[RECORDED DATA — start]

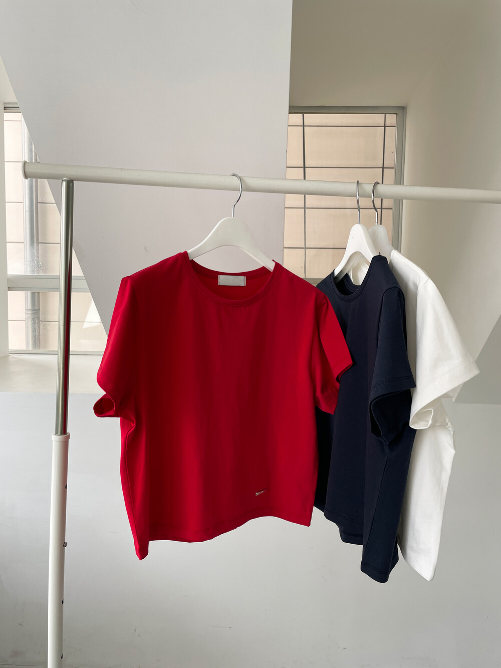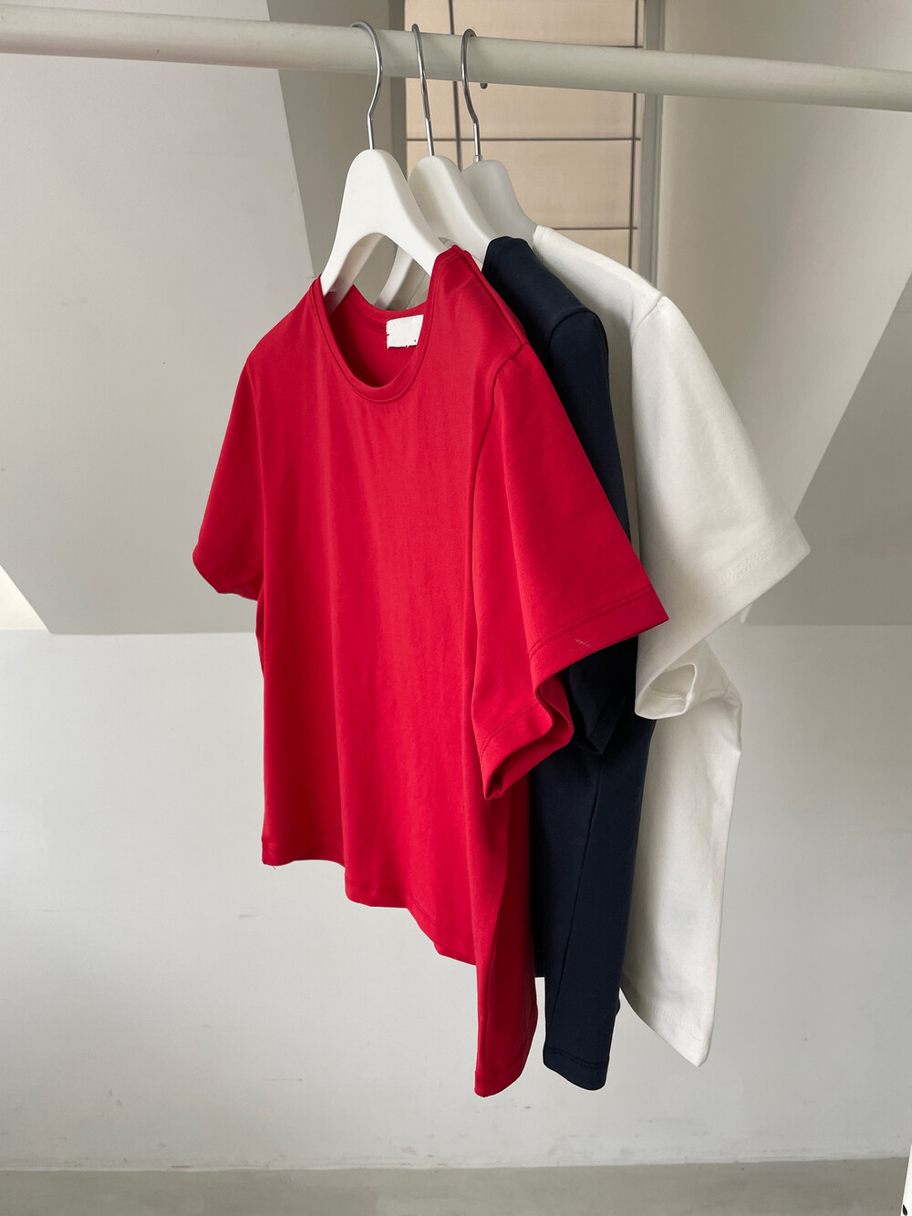- 탄탄하고 톡톡한 소재의 코튼 하프슬리브 티셔츠입니다.
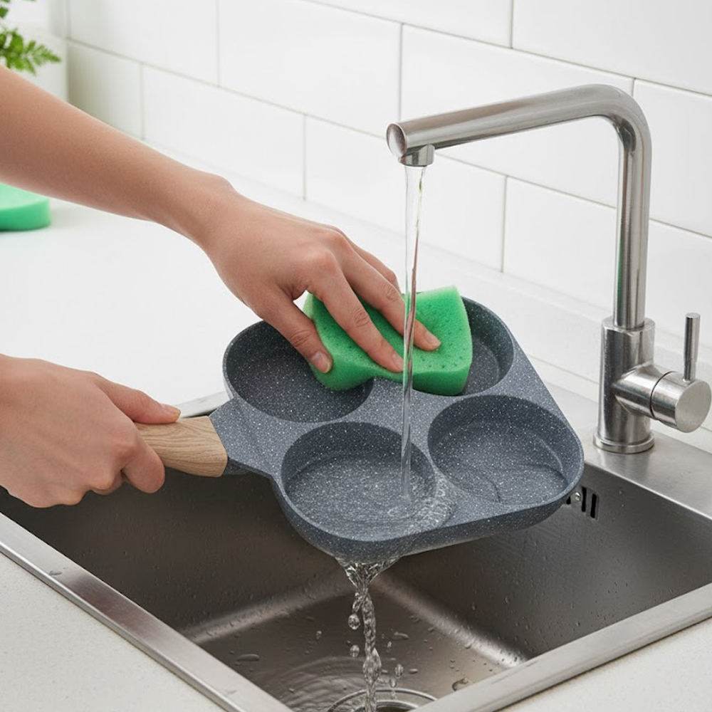 1. Revestimento Interior Duplo Antiaderente: Esta frigideira possui 2 camadas de revestimento antiaderente de alta qualidade. Essa característica garante que os alimentos, como ovos e panquecas do café da manhã, não grudem, facilitando o cozimento e tornando a limpeza extremamente simples e rápida.
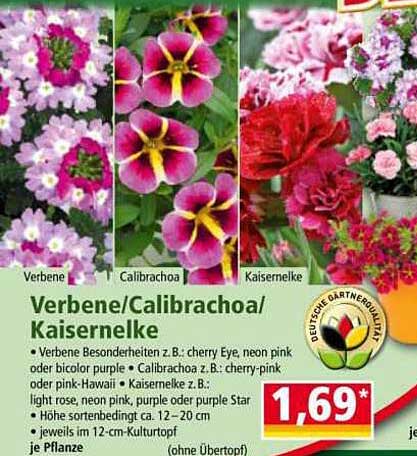 Sehen Sie sich jetzt das Verbene/Calibrachoa/Kaisernelke Angebot im Norma Prospekt an. Dieses Angebot ist gültig von 10.06.2025 bis 15.06.2025.
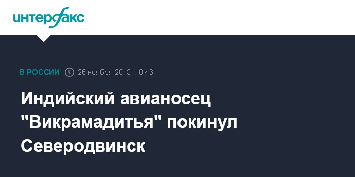 Северодвинск. 26 ноября. INTERFAX.RU - Авианосец "Викрамадитья" (бывший "Адмирал Горшков"), завершивший модернизацию на северодвинском предприятии "Севмаш" и переданный 16 ноября в состав ВМС Индии, во вторник покинул завод для подготовки к переходу к месту базирования, сообщила "Интерфаксу-АВН" руководитель пресс-службы предприятия Екатерина Пиликина.
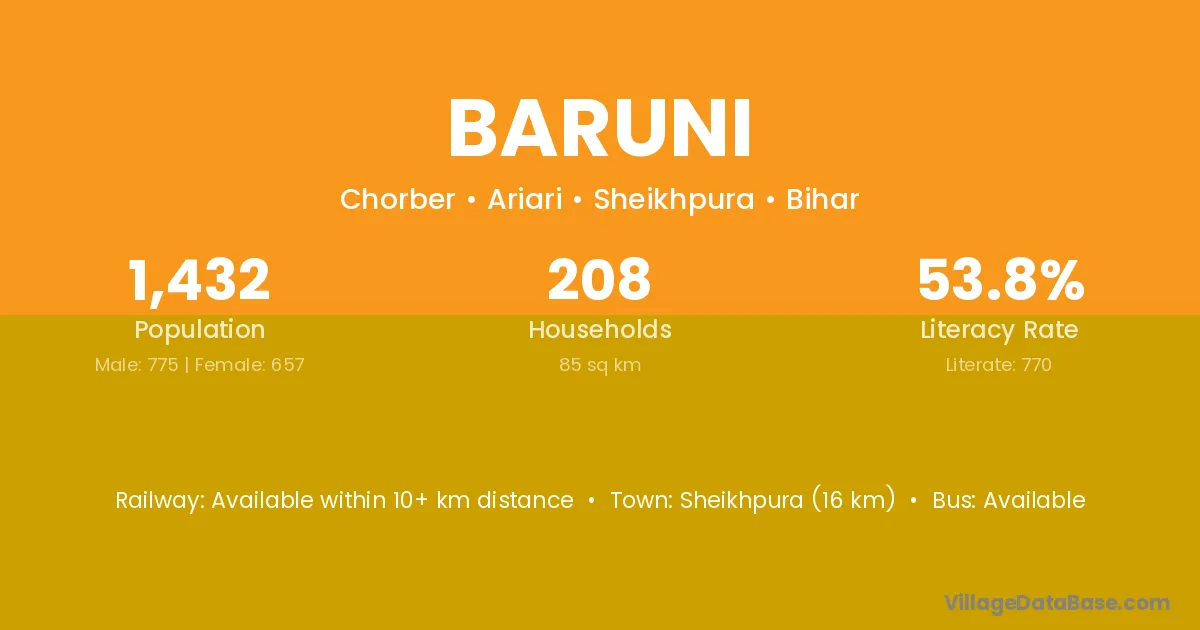 Sheikhpura (16 km) is the nearest town to Baruni village for major economic activities and is located approximately 16 km away.
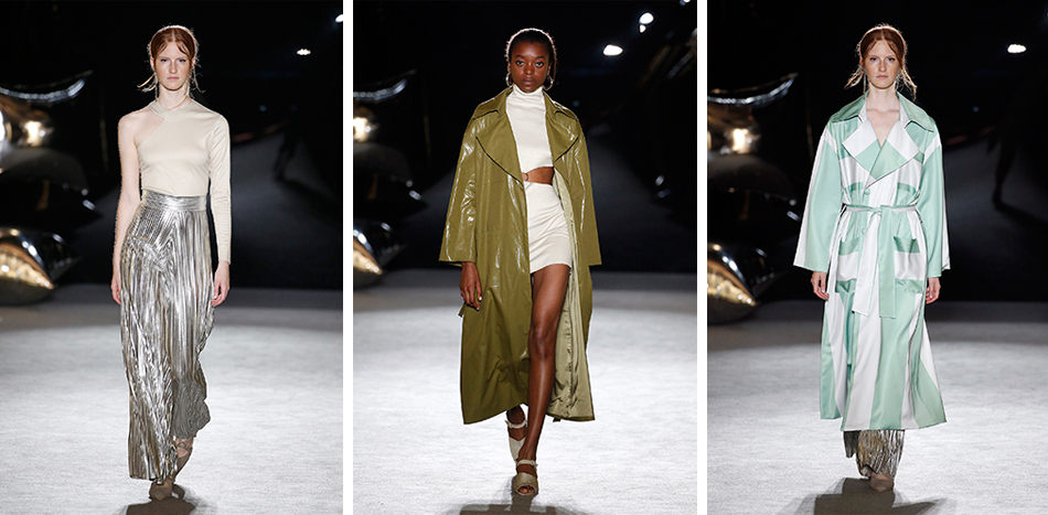 The judges were also impressed by Xevi Fernández, whose fascination with fashion began with a childhood spent observing the clients in his family’s haberdashery business. He has already swept up the Young Talent Prize at Bread & Butter Berlin and Best Men’s Collection at Creamoda in Bilbao. The inspiration for his Fifteen Minutes Fame collection came from Andy Warhol’s Factory and the counterculture of the 1960s. Warhol covered the walls of his studio in silver paint, tin foil and broken mirrors and this is reflected in finely pleated silver jackets, jumpsuits and wide-legged trousers – shots of metallic in a sophisticated colour palette of mint, caramel, olive and navy.

[RECORDED DATA — finish]

#### EXERCISE AIM:
This exercise calls for a verbatim output of the entries, pictures omitted.

#### TASK RESPONSE:
- 탄탄하고 톡톡한 소재의 코튼 하프슬리브 티셔츠입니다.
 1. Revestimento Interior Duplo Antiaderente: Esta frigideira possui 2 camadas de revestimento antiaderente de alta qualidade. Essa característica garante que os alimentos, como ovos e panquecas do café da manhã, não grudem, facilitando o cozimento e tornando a limpeza extremamente simples e rápida.
 Sehen Sie sich jetzt das Verbene/Calibrachoa/Kaisernelke Angebot im Norma Prospekt an. Dieses Angebot ist gültig von 10.06.2025 bis 15.06.2025.
 Северодвинск. 26 ноября. INTERFAX.RU - Авианосец "Викрамадитья" (бывший "Адмирал Горшков"), завершивший модернизацию на северодвинском предприятии "Севмаш" и переданный 16 ноября в состав ВМС Индии, во вторник покинул завод для подготовки к переходу к месту базирования, сообщила "Интерфаксу-АВН" руководитель пресс-службы предприятия Екатерина Пиликина.
 Sheikhpura (16 km) is the nearest town to Baruni village for major economic activities and is located approximately 16 km away.
 The judges were also impressed by Xevi Fernández, whose fascination with fashion began with a childhood spent observing the clients in his family’s haberdashery business. He has already swept up the Young Talent Prize at Bread & Butter Berlin and Best Men’s Collection at Creamoda in Bilbao. The inspiration for his Fifteen Minutes Fame collection came from Andy Warhol’s Factory and the counterculture of the 1960s. Warhol covered the walls of his studio in silver paint, tin foil and broken mirrors and this is reflected in finely pleated silver jackets, jumpsuits and wide-legged trousers – shots of metallic in a sophisticated colour palette of mint, caramel, olive and navy.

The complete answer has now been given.